Use series links only for factorization-style tasks (Tasks 11–12); plain suffix links suffice for distinct/total/per-position counts.
Array children for small alphabets, map children for large — keep the rest of the code identical.
Pin the position index convention. Append the character to the buffer first, then call getLink(last, i) with i = oldLength; the wrap-test reads buf[i - len[x] - 1]. An off-by-one here builds a wrong tree that still passes tiny smoke tests — only the dense-palindrome oracle catches it.
Annotate at creation, not in a second pass. endCount, diff, slink, hasX, and firstEnd are all O(1) to set when a node is born; computing them later by walking chains reintroduces the O(n²) you were avoiding.
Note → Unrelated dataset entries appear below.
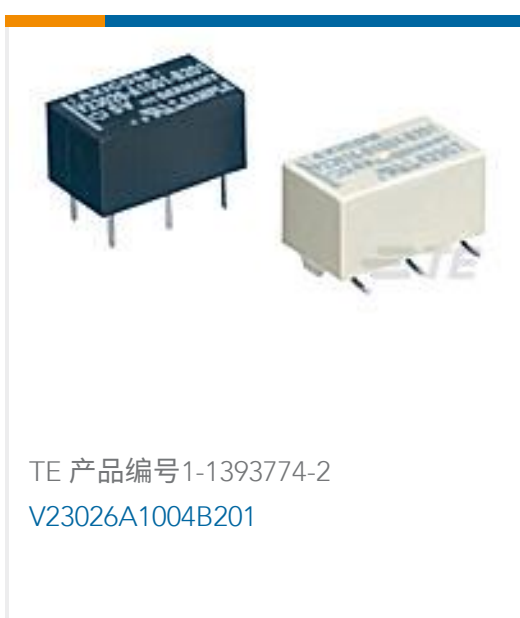
TE 产品编号1-1393774-2 V23026A1004B201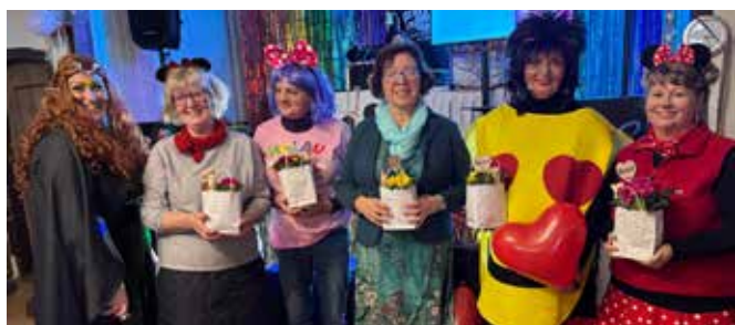
Einige Gründungsmitglieder und - ehemalige - Vorsitzende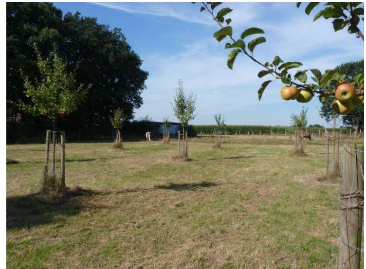
Abbildung: Streuobstwiese im vierten Jahr nach Pflanzung

Insgesamt wurden vier neue Streuobstwiesen im Heidekreis mit insgesamt 3,9 Hektar Fläche angelegt.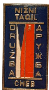
Рис. 1а. Знаки из личного архива М.В. Бекленищевой [Fig. 1a. Badges from the personal archive of M. Beklenishcheva]

Recommended solving order¶

Start with Task 1 (build + node count) and get the two-roots / length-1-link / index convention exactly right against the oracle. Everything else builds on this.
Tasks 2–5 are one-line reads off the built tree (nodes - 2, occ propagation, endCount[last], len[last]); do them together.
Tasks 6–10 add annotations (per-palindrome data, richness, containment, generalized) — still plain suffix links.
Tasks 11–14 need the advanced machinery (series links, rollback, trie-DFS); do them last and test each against its O(n²) oracle.
Task 15 and Task B are analysis/benchmark — they cement when the eertree is and is not the right tool.

Difficulty progression¶

Beginner (1–5): master the build and the four one-line reads (node count, distinct, total, per-position, longest-suffix). These cement the two roots, the length-1 link, and the index convention.
Intermediate (6–10): add annotations and the generalized eertree — still plain suffix links, but now you maintain extra per-node data and handle multiple strings.
Advanced (11–15): the hard machinery — series links for factorization, rollback for undo/trie-DFS, and the classification meta-task that tests whether you know when the eertree applies.

Each task must be implemented and tested in Go, Java, and Python, with identical outputs across all three on the same seeded inputs. The discipline of triple implementation surfaces language-specific traps (boxing in Java/Python maps, integer overflow without 64-bit in Go/Java, recursion limits in Python for trie DFS) that a single-language solution would hide.